第229話 根付いた支配

 

 長年、気掛かりだったファーストもといカリーナを前にしてデルフは強く拳を握る。


『幼馴染みとはいえカリーナは奴の支配の中じゃ。躊躇なくこちらの命を取りに来る。実力からしても手心を加える余裕がないことは分かっておるな』

(ああ。もちろん)


 そして、デルフはリラルスに尋ねる。


(リラ、カリーナにかかっているウェルムの支配を壊すためにはどうすればいい?)


 言わずもがなデルフの目的はファーストを倒すことではない。

 ウェルムの支配を取り除きファーストをカリーナに戻すことだ。


『カリーナの身体のどこかに触れてくれ。それからは私に任せろ』


 魔力の扱いに関して言えばデルフよりもリラルスの方がずっと上だ。

 デルフだとウェルムの支配もろともカリーナを灰に変えてしまう恐れがある。


(頼む)


 そのとき、ファーストが地面を蹴って一直線にデルフに向かってくる。


 ファーストの全身は高密度の輝きを放っており並大抵の攻撃では弾かれてしまい逆に攻撃に変わるとどれもが必殺の一撃となり得る。


 一直線に向かってくるファーストにデルフは拳を繰り出すが光の壁に阻まれて触れることすらできない。


『デルフ……』


 そして、そこにファーストの拳が飛んできてデルフは義手である右腕で防ぐ。

 だが、カリーナの拳が触れた瞬間、義手は粉々に砕け散った。


 さらに拳は義手を壊した後も突き進みデルフの右頬を捉えた。


「がっ……!!」


 弾き飛ばされたデルフは頭から壁に衝突する。


 倒れたデルフは起き上がろうとするがファーストは飛び跳ねた。

 そして、すぐに急落下しデルフの背に両足を突き立てる。


 背骨が軋む音がデルフの脳内に響き言葉にはできない痛みに悶える。


『不味い!』


 ファーストは攻撃を繰り出そうとするがデルフの身体から黒の瘴気が滲み出たのを見るや攻撃を中断し後ろに下がった。


 だが、“黒の誘い”を使ったのはデルフではない。

 デルフの中にいるリラルスだ。


『もう分かったと思うがカリーナ相手に魔力無しでは戦うのは無謀じゃ。言ったじゃろ手心を加える余裕はないと』

(分かっている。……分かっているんだ。だけど……)


 デルフはファーストに対して“黒の誘い”を使ってはいなかった。

 つまり、魔力を使わずにファーストの攻撃を受け止めていたことになる。


 実際には受け止めることも許されずに直撃していたが。


『デルフ、気持ちは分かる。じゃが、ここでお前が倒れたら全てが終わりじゃ。カリーナもずっと苦しんだままになるんじゃぞ』


 デルフは距離を取ったファーストに目を向ける。

 その心臓部に。


「……あれが」


 デルフの目に映ったのは心臓部に雁字搦めに巻き付いている蛇のような黒い魔力だった。

 それこそがウェルムの支配の正体。


 今もカリーナは苦しんでいる最中だとデルフは改めて実感する。


「やるしか……ないか」


 デルフは“黒の誘い”によってカリーナが死んでしまうことを危惧している。

 だが、カリーナはウェルムの魔法によって縛られている。


「……相当なリスクをもって当たらなければ打ち砕くことはできない」


 デルフはぐっと全身に力を入れて立ち上がる。

 だが、デルフの手は震えていた。


『安心しろ。低出力ならばカリーナほどの魔力なら攻撃を捌くことしかできん。危害はなしに等しいじゃろう』


 だがデルフは、いやデルフだからこそ“黒の誘い”の恐ろしさは承知している。


 使わないと待っているのは死だとしてもとても一番仲の良かった友に向けられる物ではない。

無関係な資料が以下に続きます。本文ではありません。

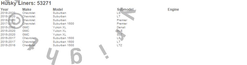 Below is an abbreviated list of applications for the X-act Contour Floor Liner.Suburban, Suburban 1500, Yukon XL, Chevrolet, GMC, 2020, 2019, 2018, 2017, 2016, 2015

 それでもやらなければならないと自分に言い聞かせる。


『お前はいつも通り戦うのじゃ。魔力に関しては私が制御する。全く世話のかかる奴じゃ』

(……助かる)


 立ち上がったデルフは地面を蹴ろうとするが身体が蹌踉めいてしまった。


『大丈夫か?』


 リラルスの心配はデルフの身体の損傷に移る。


 デルフの息はかなり切らしており負傷も自然治癒が追いつかないほど酷い。


 ファーストの攻撃を受けた部分はもれなく骨折、悪ければ砕かれている。


(……直近で受けた攻撃よりも完全な不意打ちだった出会い頭の攻撃の方がダメージが大きい)


 痛みに鈍感になっているデルフだからこそ立てているのが現状だ。


(だけど、カリーナの苦しみに比べれば全く問題ない)


 デルフは砕けた義手を再び作りだし両腕を上げて構えを取る。

 すると、拳に黒の薄い膜が浮かび上がった。


「行くぞ。カリーナ」


 デルフは地面を蹴って一瞬でファーストの目の前に移動した。


 そして、腰を入れた右拳を全力で放つ。

 それに合わせてファーストも拳を繰り出した。


 “羅刹一打”同士の衝突によって生まれた衝撃で壁に罅が入る。

 さらにその風圧は砕けて地面に転がっている石程度ならば簡単に吹き飛ばす。


「……なんて力だ」


 デルフは既に全力を出しているがファーストにはまだ余力があるようで徐々に押され返されてきた。


 しばらく粘っていたがまたもデルフの義手が砕け散ってしまった。


「威力はカリーナの方が上か」


 低出力だが“黒の誘い”で魔力を削っても尚、削がれない威力。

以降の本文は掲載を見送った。